How to Enable HTTPS in the SapphireIMS Application | Stage 3

Step 1: Rename the SSL Certificate File provided by the Customer in PFX Format to "SSL.pfx".

Step 2: In the SapphireIMS Application Server, copy the "SSL.pfx" File and paste it in the paths "<SapphireIMS Application Installation Location>\SapphireIMS\WebManagement\standalone\configuration" and "<SapphireIMS Application Installation Location>\SapphireIMS\WebManagement\JDK\bin".

Step 3: In the SapphireIMS Application Server, open Windows Command Prompt (Run as Administrator) and execute the Command: cd "<SapphireIMS Application Installation Location>\SapphireIMS\WebManagement\JDK\bin" to set the Current Working Directory Path.

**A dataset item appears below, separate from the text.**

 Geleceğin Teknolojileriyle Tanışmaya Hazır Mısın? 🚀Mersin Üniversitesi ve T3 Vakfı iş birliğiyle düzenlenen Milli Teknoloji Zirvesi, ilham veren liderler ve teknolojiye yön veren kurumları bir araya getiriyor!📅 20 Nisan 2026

Step 4: In this Windows Command Prompt execute the Command: keytool -list -keystore SSL.pfx and enter the "SSL Certificate Password" provided by the Customer. The "SSL Certificate Password" will not be visible on the Windows Command Prompt while entering the same. Press the "Enter" Button of the Keyboard after entering the "SSL Certificate Password".

Step 5: From the Output of this Command, copy the Text highlighted in "Red" color in the below Image and store the same for future usage: Step 5 Image
Step 6: In the SapphireIMS Application Server, go to the path "<SapphireIMS Application Installation Location>\SapphireIMS\WebManagement\standalone\configuration" and open the "standalone.xml" File with "Notepad++".

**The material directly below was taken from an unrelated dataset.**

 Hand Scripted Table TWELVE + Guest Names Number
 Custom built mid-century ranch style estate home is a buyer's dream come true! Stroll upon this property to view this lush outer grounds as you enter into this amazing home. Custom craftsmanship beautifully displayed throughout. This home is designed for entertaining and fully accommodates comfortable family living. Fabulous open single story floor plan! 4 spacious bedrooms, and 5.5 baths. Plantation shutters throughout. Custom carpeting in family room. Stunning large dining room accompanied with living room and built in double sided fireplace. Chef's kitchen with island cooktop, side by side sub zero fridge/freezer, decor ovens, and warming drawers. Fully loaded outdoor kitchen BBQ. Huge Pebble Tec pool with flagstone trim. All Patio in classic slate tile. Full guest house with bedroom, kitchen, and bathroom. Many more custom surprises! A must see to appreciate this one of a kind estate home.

Step 7: In the "standalone.xml" File, search for the Tag <security-realm name="ManagementRealm"> and perform the following changes:

# Replace the Value of the Parameter "keystore path" with SSL.pfx
# Replace the Value of the Parameter "keystore-password" with the "SSL Certificate Password" provided by the Customer
# Replace the Value of the Parameter "alias" with the Text obtained from "Step 5"
# Replace the Value of the Parameter "key-password" with the "SSL Certificate Password" provided by the Customer

Note: There should not be any "Blank Space" or "Additional Character" while replacing the above Values. Step 7 Image
Step 8: Save the "standalone.xml" File.

How to Enable HTTPS in the SapphireIMS Application | Stage 4

Step 1: Start the "SapphireIMS" Service in the SapphireIMS Application Server.

Step 2: Open Internet Explorer, Google Chrome, or Mozilla Firefox Browser outside the SapphireIMS Application Server.

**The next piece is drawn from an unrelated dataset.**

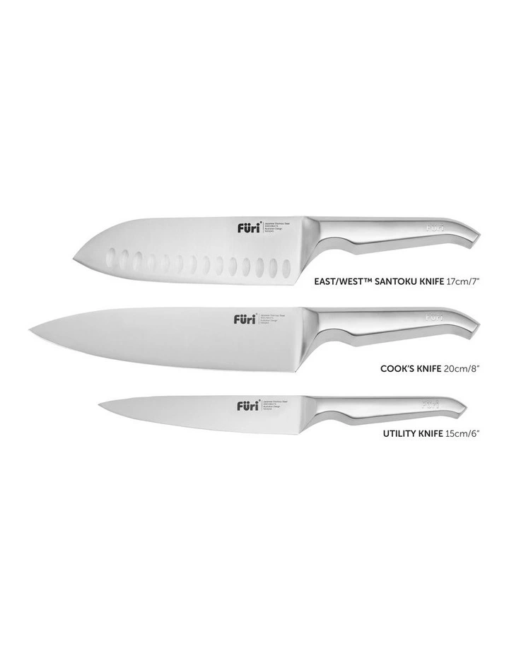 - Contains Cook’s 20cm (8 inch), East/West Santoku 17cm (7 inch), and Utility 15cm (6 inch) knives

Step 3: Open the SapphireIMS Web Portal in the Browser through the URL https://<FQDN>/SapphireIMS or https://<Public IP Address>/SapphireIMS based on the SapphireIMS Application Server Hosting and the SSL Certificate File provided by the Customer.

Step 4: The SapphireIMS Web Portal Login Page should load successfully and the connection to the SapphireIMS Application Server should be shown as "Secure" in the Browser.

Step 5: Login to the SapphireIMS Web Portal.